| From
the November/December 2000 issue of The Horn Book Magazine
Future Classics
ince
I am primarily a novelist, one might suppose I would choose from
the veritable galaxy of star-bright twentieth-century novels to
place into the hand of the 2101 child. Truly, there are many of
them. But surely our future child will not be reading those novels
unless he or she has already become a reader.
Dr. Seuss’s The Cat in the Hat is brilliantly written
and drawn, full of enormous energy, funny and silly (not the same),
even as it is accessible to a just-starting reader. It is all those
things, and, better yet, it is luminously transgressive.
Think of all the rules that we teach
and impose upon young people. As a parent I’ve done it myself.
Then think of all those things that happen in The Cat in the
Hat: the very odd stranger in the house, the being out of control,
the breaking of things, the out-and-out naughty behavior, the wildness,
the lack of remorse, and oh! above and beyond, the fun of it all!

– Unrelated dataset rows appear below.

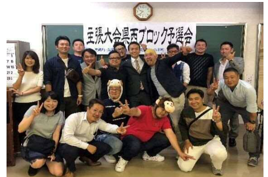
動物たちも応援に駆け付けました

発表を残念ながら、聞きにこられなかった方で、南足柄で開業した理由や今後の目標を聞きたい方もおられるかもしれませんので、この場を借りて簡略化して話しておきます。
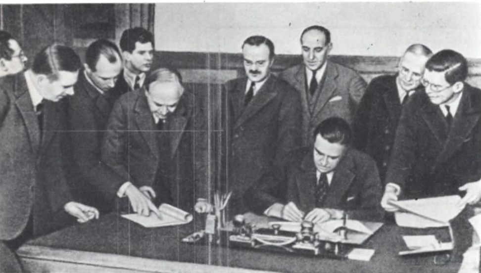
Подписание представителями СССР, Великобритании и США документов Московской конференции по вопросу о взаимных поставках. Октябрь 1941 г.
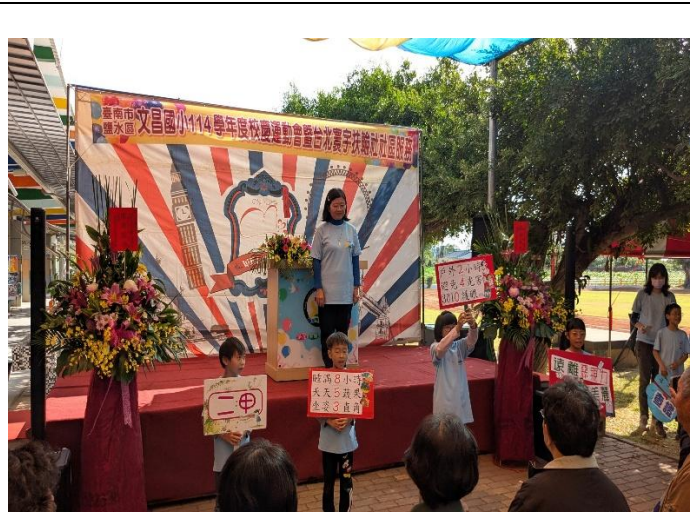
校慶時向來賓及社區家長宣導健康促進議題~ 視力保健
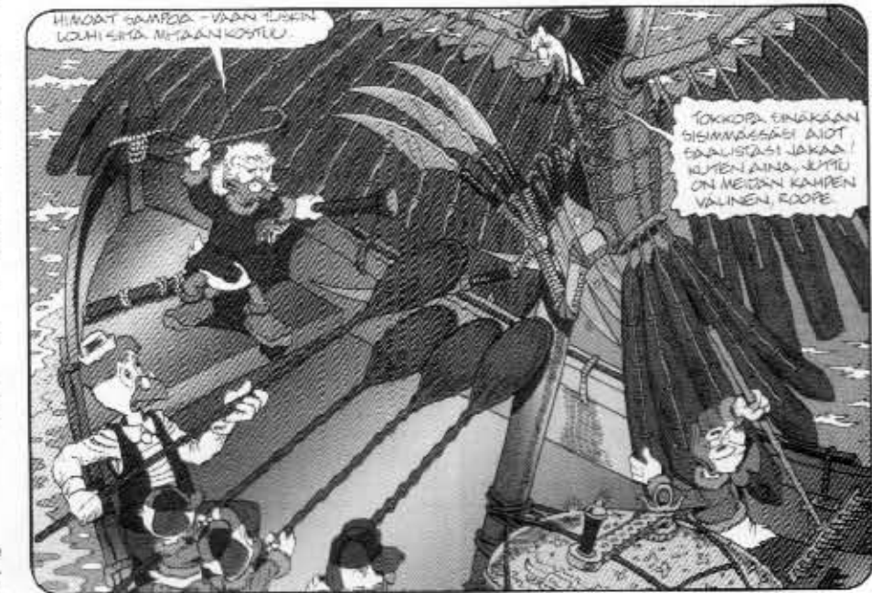
Don Rosan versio Akseli Gallen-Kallelan maalauksesta Sammon puolustus.

"Japani punoa tarinoihini lukemattomia sivujaonia on peräisin 50-luvun lopun Madeista. Niistä opin periaatteen, että en voi antaa lukijalle täyttä tyydytystä, jos eri tarinanpätkät ja sivujuonet
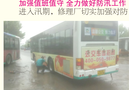
加强值班值守 全力做好防汛工作 进入汛期，修理厂切实加强了对防汛工作的领导，强化责任意识，确保各项防汛措施落到实处。在做好日常维修的同时对防汛车辆、物资进行检查。制定了防汛应急预案，健全部门联动机制，加强部门之间的协调与配合。严格落实汛期值班制度，制定值班表，保证24小时值班，明确专人负责，并设立专门的值班记录，加强对重点区域的巡查，确保及早做好防范，及时发现灾情。同时加强宣传教育，不断提升职工的防灾意识和自救能力，做到及时避险。要配备足应急物资装备，组织精干的抢险队伍，加强应急演练，全力做好汛期的各项安全生产工作。（大修厂）

按防汛预案的要求，科学地进行了安排。形成了防汛抢险的合理调配资源，完成了在最短时间内消除险情的防汛目标。通过此次演练，提高了一修厂职工防汛抢险意识，检验了各职能组之间的协调作战能力，各职能组之间，通过方案制定、指挥调度、防汛组织、后勤保障等各项防汛工作的配合，提高了协同作战能力。同时检验了我们的职工队伍坚守岗位、严格纪律、紧张有序的工作。（一修厂）
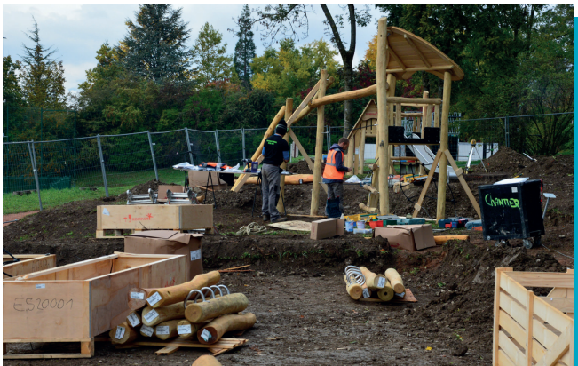
JEUX BÉRIOT ouverture complète de l'aire de jeux courant janvier
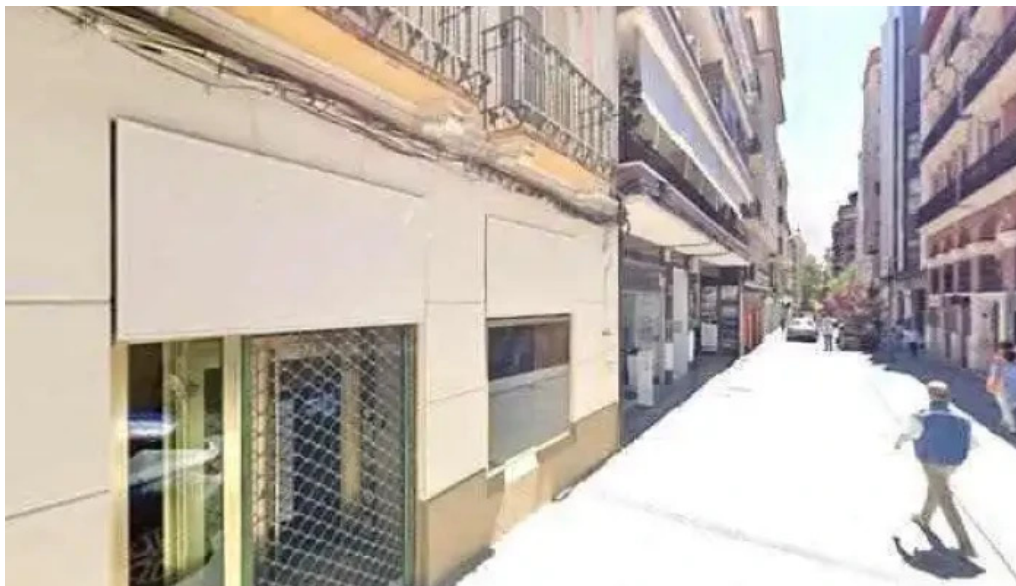
Capilla de adoracion del monasterio de santa catalina clarisas iglesia
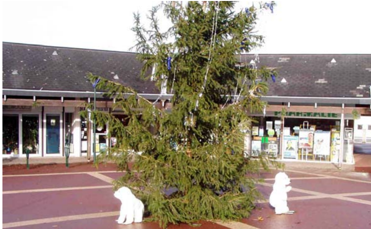
Petit ours blanc était heureux.

Il allait passer tout le mois de décembre avec son copain, petit ours blanc lui aussi, sur la place du Centre Commercial du Bois Raguenet, bien à l'abri sous le sapin.

As we move — or so it would
appear — to global standardization, conformity, plus plain
old dull sameness, an outrageous role model like the Cat in the
Hat is exactly what the future child will require to restore some
chaotic balance. That the child will get this from reading a book
is an experience that will not only enrich the child but do much
for the world of book reading, too. I hope.